Кстати говоря, мы же не знаем, почему Солярис — этот бесконечно прекрасный и страшный океан слизи с его удивительными, безумно прекрасными формами, с его загадочными симметриадами, островами, с его кружевной пеной, — мы же не знаем, зачем Солярис подбрасывает эти копии, эти клоны людям на станции. Есть версия (и этой версии придерживается Тарковский, ему это надо), что это больная совесть мира, что он подбрасывает им тех, перед кем они виноваты. Но на самом деле он просто подбрасывает им тех, кого они любят. А именно перед теми, кого мы любим — перед ребёнком Бертона, перед Хари Криса — они больше всего и виноваты.
Кстати, в «Солярисе» тоже есть очень много страшных недоговорённостей. Я, например, до сих пор не знаю, каким образом Сарториус уничтожал эти фантомы с помощью соломенной шляпки. Помните, Agonia perpetua? Что он делал? Продлённая агония с помощью соломенной шляпы, этот жёлтый круг соломенной шляпы, который появляется в эпизоде.
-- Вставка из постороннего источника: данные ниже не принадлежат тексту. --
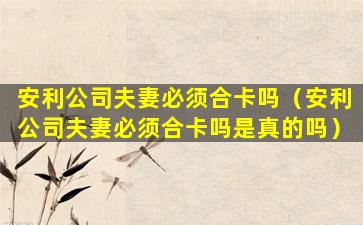 安利公司夫妻必须合卡吗(安利公司夫妻必须合卡吗是真的吗)
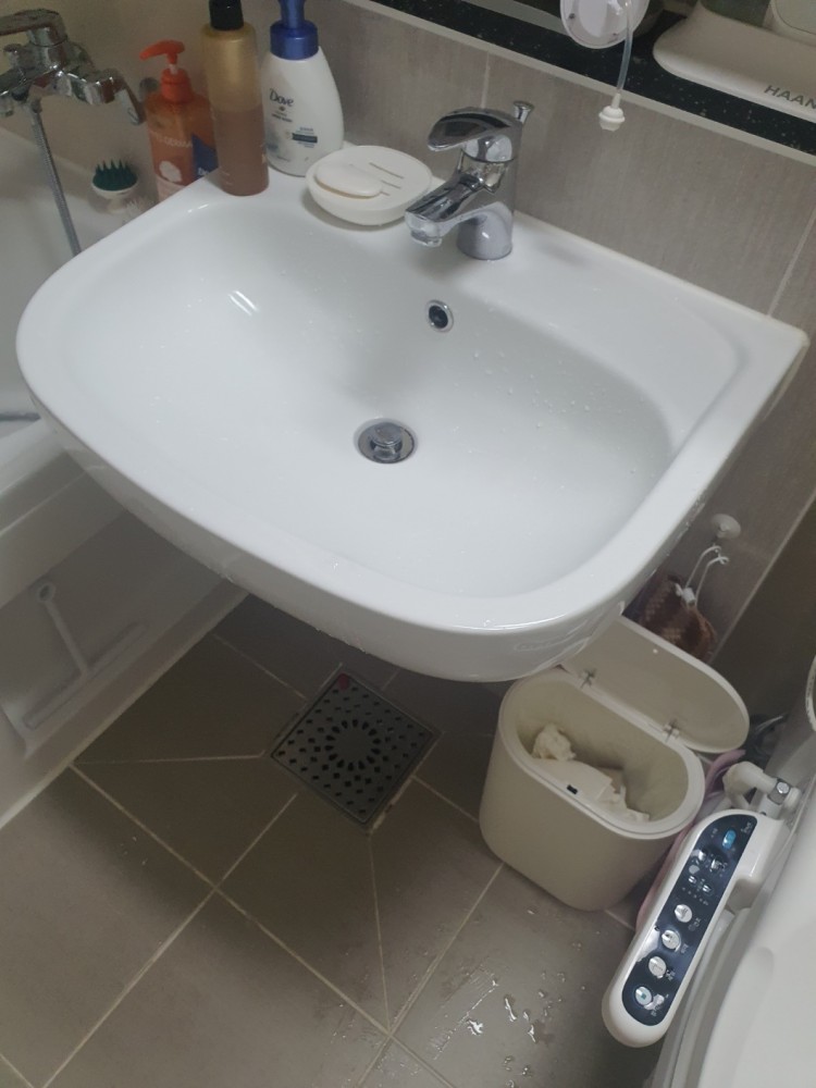 세면대 아래의 배관이 보이는 사진을 한장 부탁드립니다.

Лем — мастер таких гениальных и страшных недосказанностей. (Во что превратились вставные зубы Ондатра?)
Но при всём при этом Лем в «Солярисе» как раз довольно внятен. Это такая довольно понятная аллегория. Мир демонстрирует нам жестокие чудеса. Он и сам есть жестокое чудо. Жестокость заключается в том, что он принципиально неэтичен, и всякая этика, всякая попытка отыскать закономерности смешна. Но надо уметь наслаждаться, надо уметь любить то, что нам он даёт, — любить эти его пейзажи прекрасные и непостижимые. Потому что какая-нибудь речка, текущая по земле, если посмотреть на неё сторонним взглядом, она так же таинственна, глубока и непостижима, как и Солярис.
Мы живём в Солярисе, и Солярис нам подбрасывает эти творческие галлюцинации, в сущности стимулирует наше творчество. И мы не знаем, зачем он это делает: то ли он будит таким образом нашу совесть, то ли он пытается нам сделать приятное. Ведь Солярис подбросил Хари Крису именно для того, чтобы ему было хорошо, чтобы ему было с кем спать, в конце концов. Он же не знает, зачем это. Может быть, это вообще гигантский безумный ребёнок, который так играет с людьми. Безусловно, «Солярис» с его ощущением прекрасного — да, страшного, но всё-таки гармонического чуда — у Лема довольно резко выделяется, потому что в остальном Лем всё время настаивает на принципиальной непознаваемости мира.
Отдельно, наверное, следовало бы сказать о «Рукописи, найденной в ванной», которая представляется мне таким кафкианским абсурдом, очень похожим по интонации, конечно, на «Понедельник начинается в субботу», на «Сказку о Тройке» и в особенности на «институтскую» часть «Улитки на склоне». Но вот что удивительно. Когда Лем описывает абсурд и безумие, он не так убедителен. Главная трагедия Лема — это трагедия рационального сознания перед прекрасной замкнутой непостижимостью мира. А шутки его — как раз это шутки довольно умственные, довольно головные, холодные.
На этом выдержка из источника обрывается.